== Segment start ==

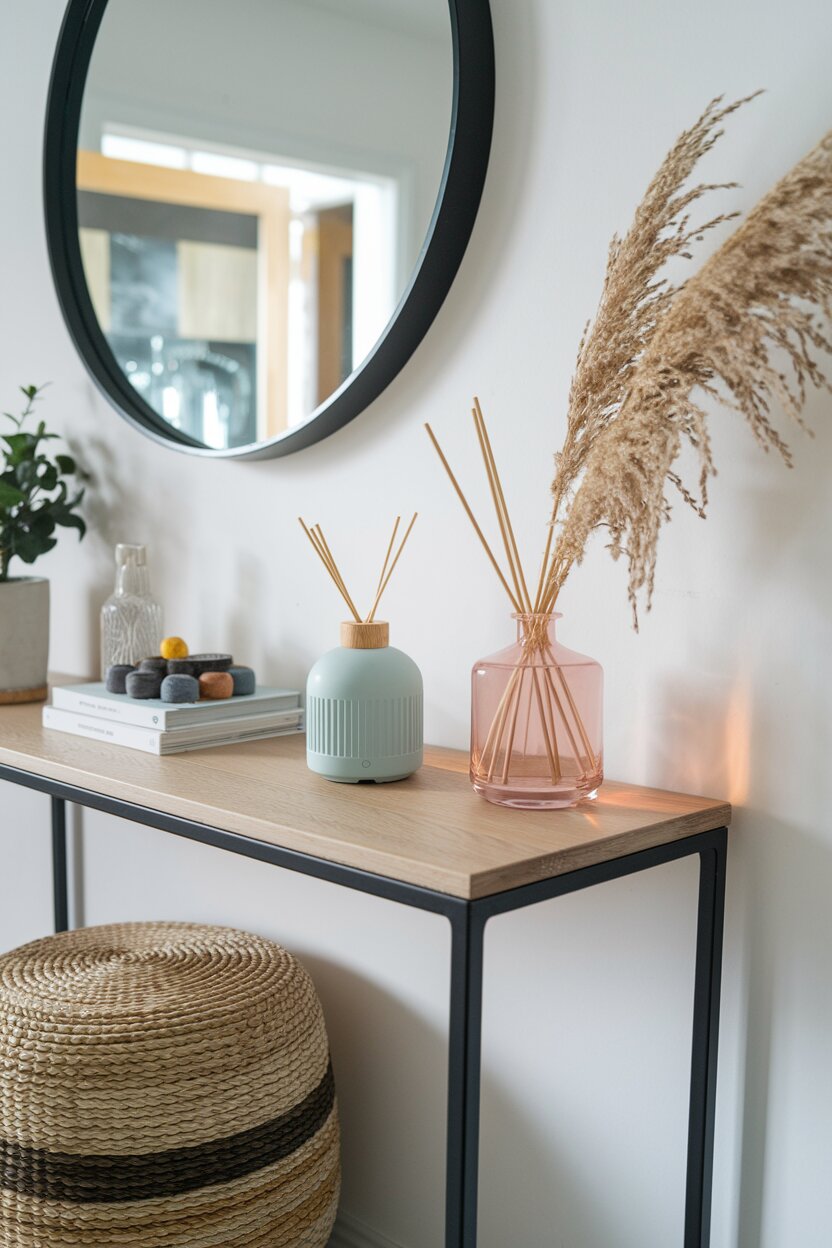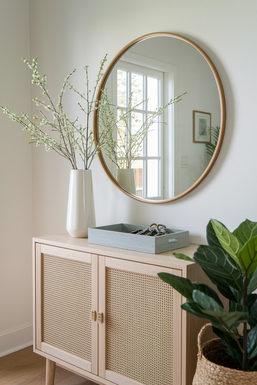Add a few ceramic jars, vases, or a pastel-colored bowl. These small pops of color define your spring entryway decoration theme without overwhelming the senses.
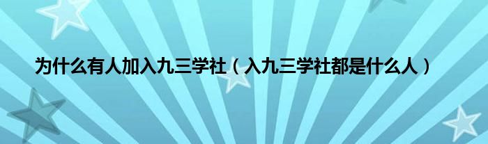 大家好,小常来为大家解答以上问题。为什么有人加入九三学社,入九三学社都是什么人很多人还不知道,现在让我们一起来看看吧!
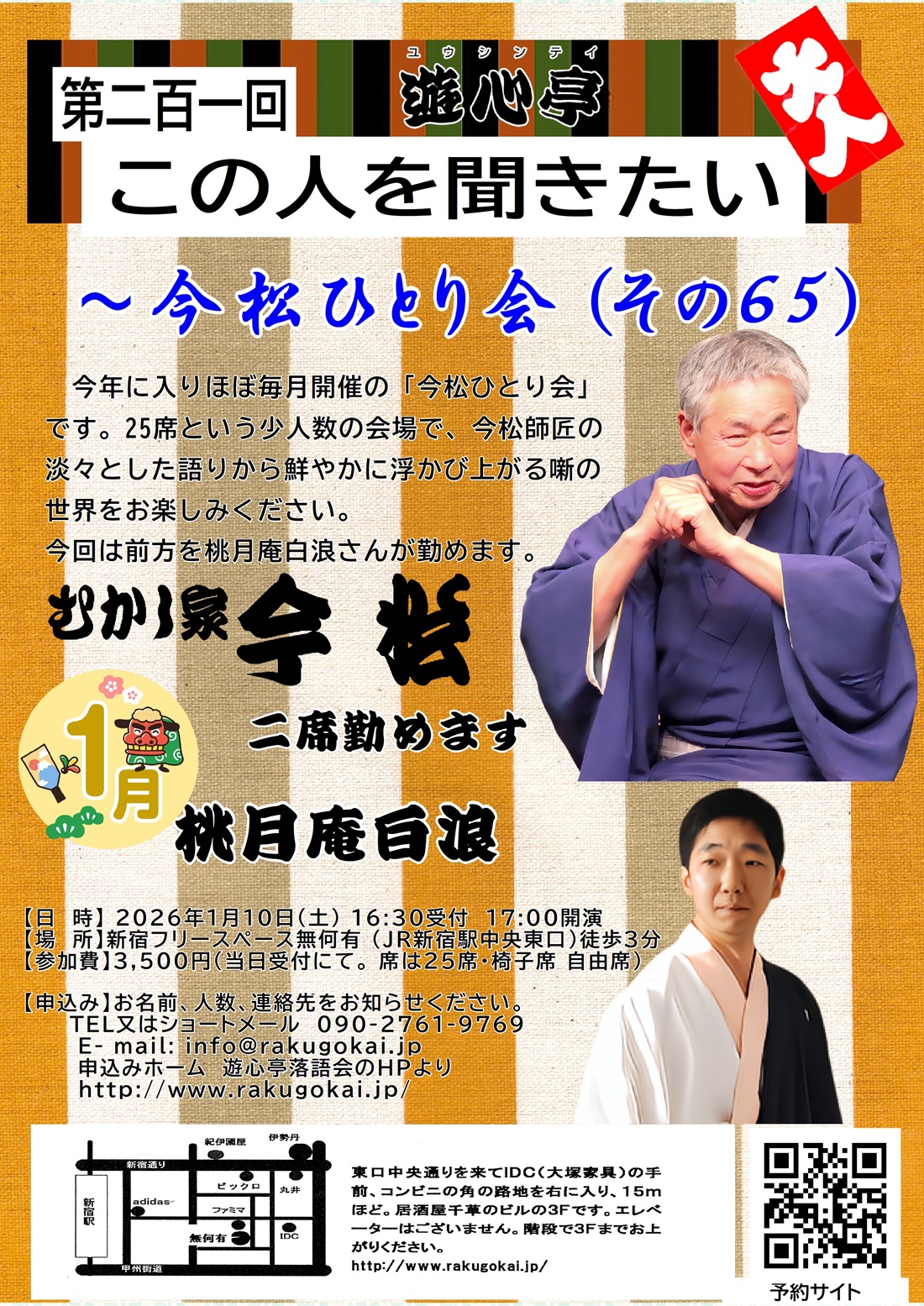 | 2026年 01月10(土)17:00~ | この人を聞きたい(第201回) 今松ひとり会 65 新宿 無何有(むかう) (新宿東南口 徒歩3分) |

== Segment end ==
== Segment start ==

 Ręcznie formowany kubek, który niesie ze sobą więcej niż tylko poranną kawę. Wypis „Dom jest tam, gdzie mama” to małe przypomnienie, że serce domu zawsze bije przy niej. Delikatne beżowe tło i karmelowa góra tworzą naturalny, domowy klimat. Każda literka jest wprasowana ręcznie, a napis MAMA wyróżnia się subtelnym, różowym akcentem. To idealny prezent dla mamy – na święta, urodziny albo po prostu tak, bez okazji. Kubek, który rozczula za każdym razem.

== Segment end ==

■ Brief
Using the entries above, extract exactly the lines from the one that contains "Add a few ceramic" through the one that contains "(新宿東南口 徒歩3分) |". Do not carry over any pictures.

■ Exercise answer
Add a few ceramic jars, vases, or a pastel-colored bowl. These small pops of color define your spring entryway decoration theme without overwhelming the senses.
 大家好,小常来为大家解答以上问题。为什么有人加入九三学社,入九三学社都是什么人很多人还不知道,现在让我们一起来看看吧!
 | 2026年 01月10(土)17:00~ | この人を聞きたい(第201回) 今松ひとり会 65 新宿 無何有(むかう) (新宿東南口 徒歩3分) |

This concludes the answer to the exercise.